- _Source data_:

__________________________________________________

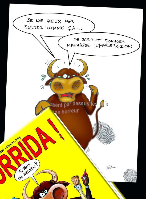 C’est une longue histoire, que je vais tâcher de vous résumer en quelques mots. Stéphanie, David et moi (l’éditrice) avons travaillé d’arrache-pied pendant des mois pour réaliser ce livre plein de promesses. Nous avons mené la campagne Ulule avec succès, grâce à votre soutien. Afin de pouvoir sortir un livre magnifique, avec une belle couverture cartonnée, façon vraie BD, pour une fois, j’ai changé d’imprimeur, le mien étant beaucoup plus cher, ce qui remettait l’existence même du projet en cause. Nous voilà donc partis avec un imprimeur espagnol qui nous a menés de déconvenue en déconvenue pendant des semaines (je vous passe les détails, j’aurai l’occasion de vous en reparler dans un article dédié à mon expérience catastrophique avec Ulzama Imprimerie un peu plus tard) et nous avons atteint le fond du gouffre hier, en recevant – enfin – les livres. Ah ça, pour ça, la couverture est belle (elle a été réalisée par un sous-traitant), mais pour le reste, l’intérieur est une catastrophe qui ne répond pas du tout au bon à tirer qui avait été validé il y a un mois, le 18 mai dernier. Cet imprimeur aurait voulu saboter notre projet qu’il ne s’y serait pas pris autrement… le fait qu’il soit situé à 5 km de Pampelune, ville bien connue pour ses fêtes taurines, serait en lien avec nos déboires ? On peut se poser la question, même si nous n’aurons jamais la réponse.
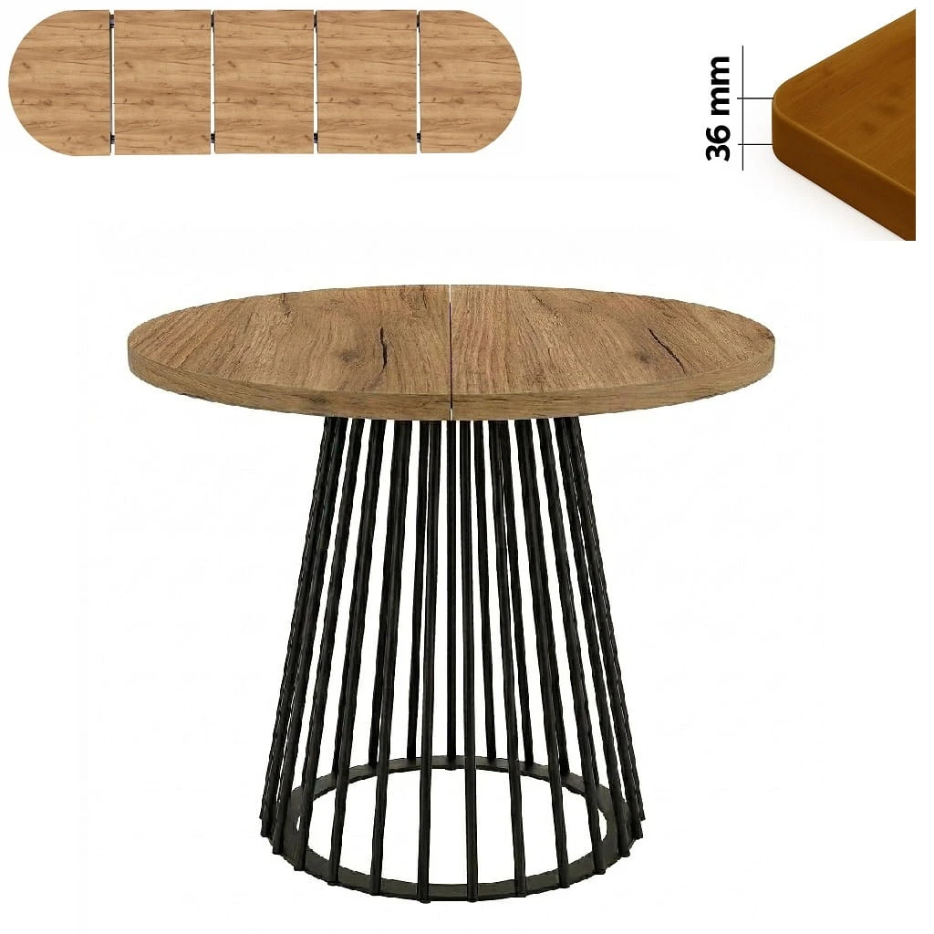 Stół 100/250 cm okrągły rozkładany, blat 3,6 cm, "Ażurowa" metalowa podstawa | ArtDHome
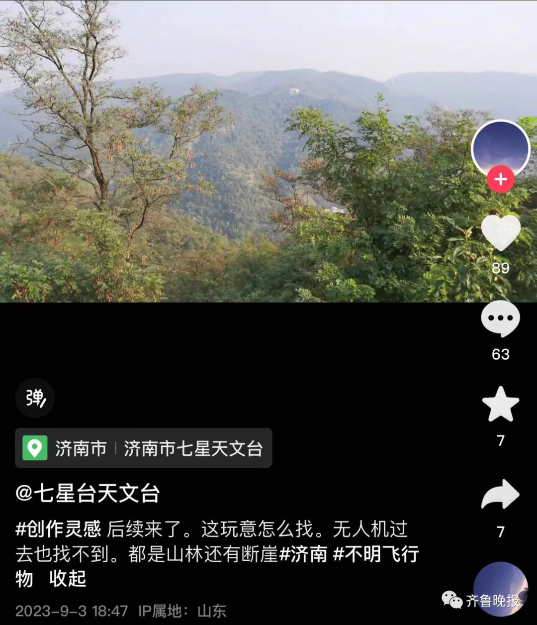 9月1日凌晨,济南七星台天文台上空出现不明物体坠落到天文台东南方向的山里。
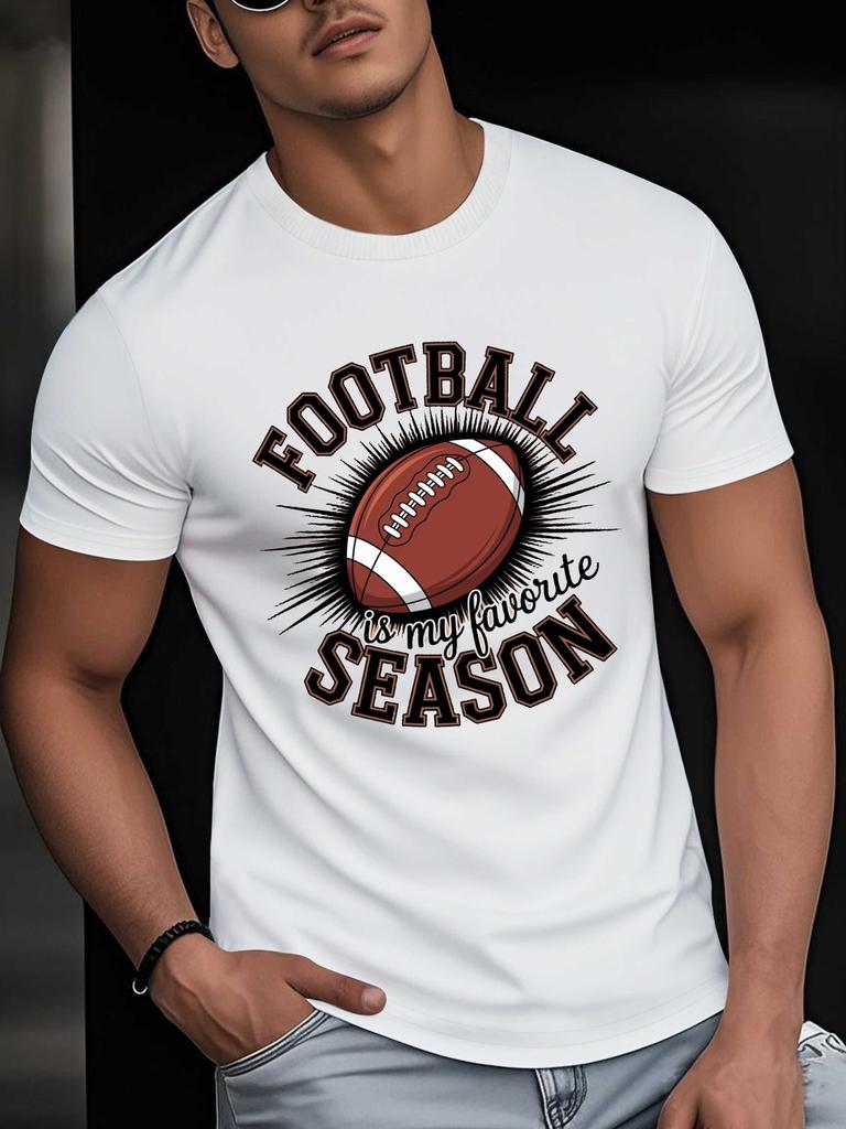 Summer Men's Rugby Letter Printed Casual Round Neck Short Sleeved Casual Sports 100% Pure Cotton Fitness Breathable T-shirt

__________________________________________________

No picture belongs in the copy; return the rest of the listing exactly.

 C’est une longue histoire, que je vais tâcher de vous résumer en quelques mots. Stéphanie, David et moi (l’éditrice) avons travaillé d’arrache-pied pendant des mois pour réaliser ce livre plein de promesses. Nous avons mené la campagne Ulule avec succès, grâce à votre soutien. Afin de pouvoir sortir un livre magnifique, avec une belle couverture cartonnée, façon vraie BD, pour une fois, j’ai changé d’imprimeur, le mien étant beaucoup plus cher, ce qui remettait l’existence même du projet en cause. Nous voilà donc partis avec un imprimeur espagnol qui nous a menés de déconvenue en déconvenue pendant des semaines (je vous passe les détails, j’aurai l’occasion de vous en reparler dans un article dédié à mon expérience catastrophique avec Ulzama Imprimerie un peu plus tard) et nous avons atteint le fond du gouffre hier, en recevant – enfin – les livres. Ah ça, pour ça, la couverture est belle (elle a été réalisée par un sous-traitant), mais pour le reste, l’intérieur est une catastrophe qui ne répond pas du tout au bon à tirer qui avait été validé il y a un mois, le 18 mai dernier. Cet imprimeur aurait voulu saboter notre projet qu’il ne s’y serait pas pris autrement… le fait qu’il soit situé à 5 km de Pampelune, ville bien connue pour ses fêtes taurines, serait en lien avec nos déboires ? On peut se poser la question, même si nous n’aurons jamais la réponse.
 Stół 100/250 cm okrągły rozkładany, blat 3,6 cm, "Ażurowa" metalowa podstawa | ArtDHome
 9月1日凌晨,济南七星台天文台上空出现不明物体坠落到天文台东南方向的山里。
 Summer Men's Rugby Letter Printed Casual Round Neck Short Sleeved Casual Sports 100% Pure Cotton Fitness Breathable T-shirt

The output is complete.